2016-07-04 Richard Biener <rguenther@suse.de>
PR rtl-optimization/68961
* fwprop.c (propagate_rtx): Allow SUBREGs of VEC_CONCAT and CONCAT
to simplify to a non-constant.
* gcc.target/i386/pr68961.c: New testcase.
Index: gcc/testsuite/gcc.target/i386/pr68961.c
===================================================================
*** gcc/testsuite/gcc.target/i386/pr68961.c (revision 0)

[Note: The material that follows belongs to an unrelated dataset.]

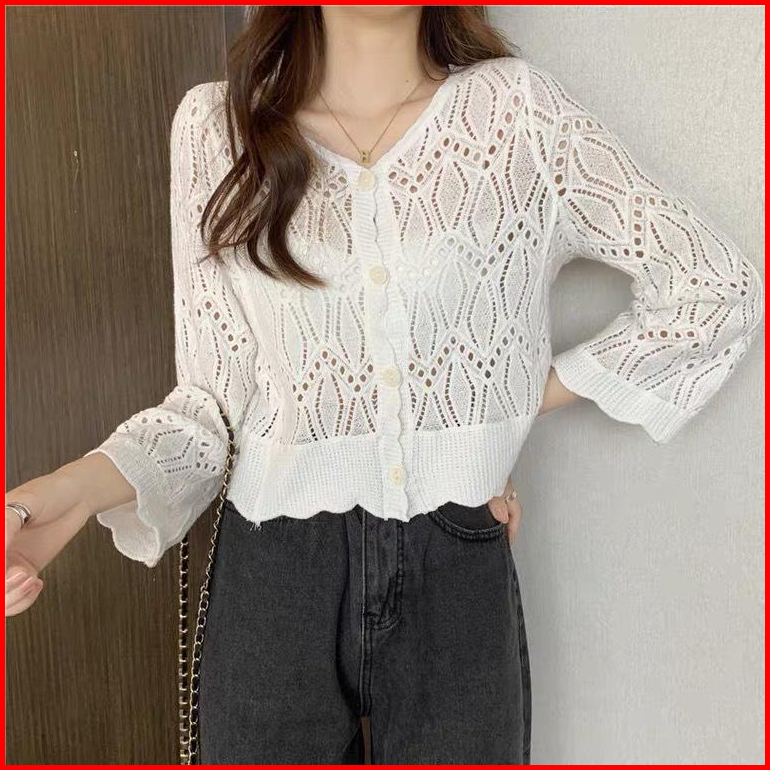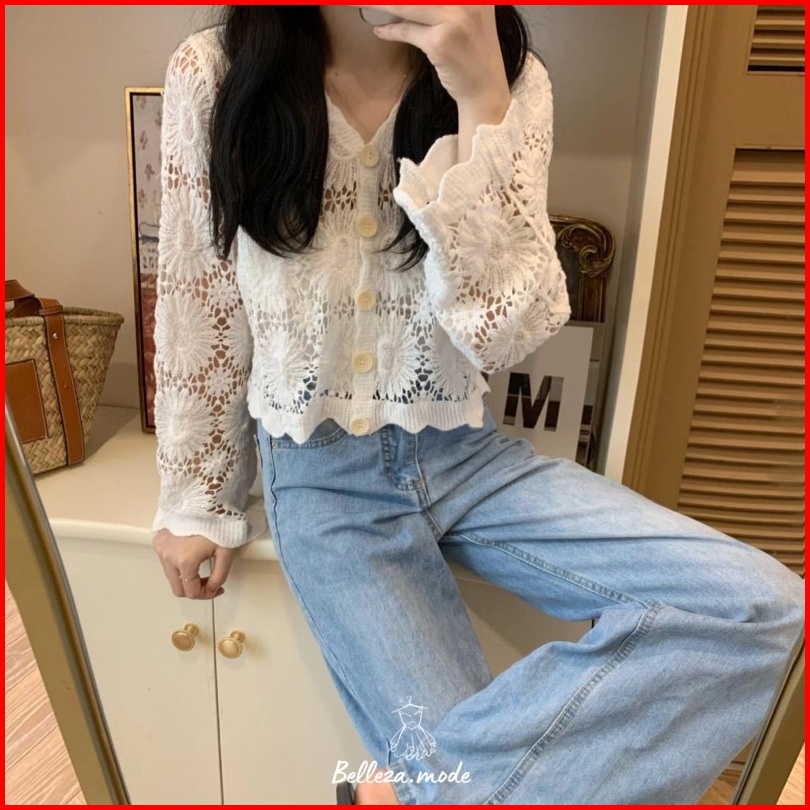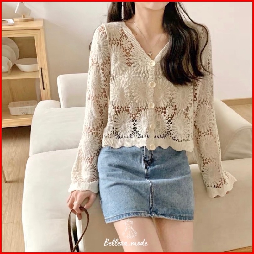 Korean Crochet Cardigan Long Puffy Sleeves Top Kardigan Korean Sexy Lace Brukat Baju Pantai Outer Bikini Rompi Vest Knit

--- gcc/testsuite/gcc.target/i386/pr68961.c (working copy)
***************
*** 0 ****
--- 1,19 ----
+ /* { dg-do compile { target lp64 } } */
+ /* { dg-options "-O3 -fno-vect-cost-model -fdump-tree-slp2-details" } */
+
+ struct x { double d[2]; };
+
+ struct x
+ pack (double a, double aa)
+ {
+ struct x u;
+ u.d[0] = a;
+ u.d[1] = aa;
+ return u;
+ }
+
+ /* The function should be optimized to just return as arguments and
+ result exactly overlap even when previously vectorized. */
+
+ /* { dg-final { scan-tree-dump "basic block vectorized" "slp2" } } */
+ /* { dg-final { scan-assembler-not "mov" } } */
Index: gcc/fwprop.c
===================================================================
*** gcc/fwprop.c (revision 237955)
--- gcc/fwprop.c (working copy)
*************** propagate_rtx_1 (rtx *px, rtx old_rtx, r
*** 619,624 ****
--- 619,633 ----
*px = tem;
+ /* Allow replacements that simplify operations on a vector or complex
+ value to a component. The most prominent case is
+ (subreg ([vec_]concat ...)). */
+ if (REG_P (tem) && !HARD_REGISTER_P (tem)
+ && GET_MODE (tem) == GET_MODE_INNER (GET_MODE (new_rtx))
+ && (VECTOR_MODE_P (GET_MODE (new_rtx))
+ || COMPLEX_MODE_P (GET_MODE (new_rtx))))
+ return true;
+
/* The replacement we made so far is valid, if all of the recursive
replacements were valid, or we could simplify everything to
a constant. */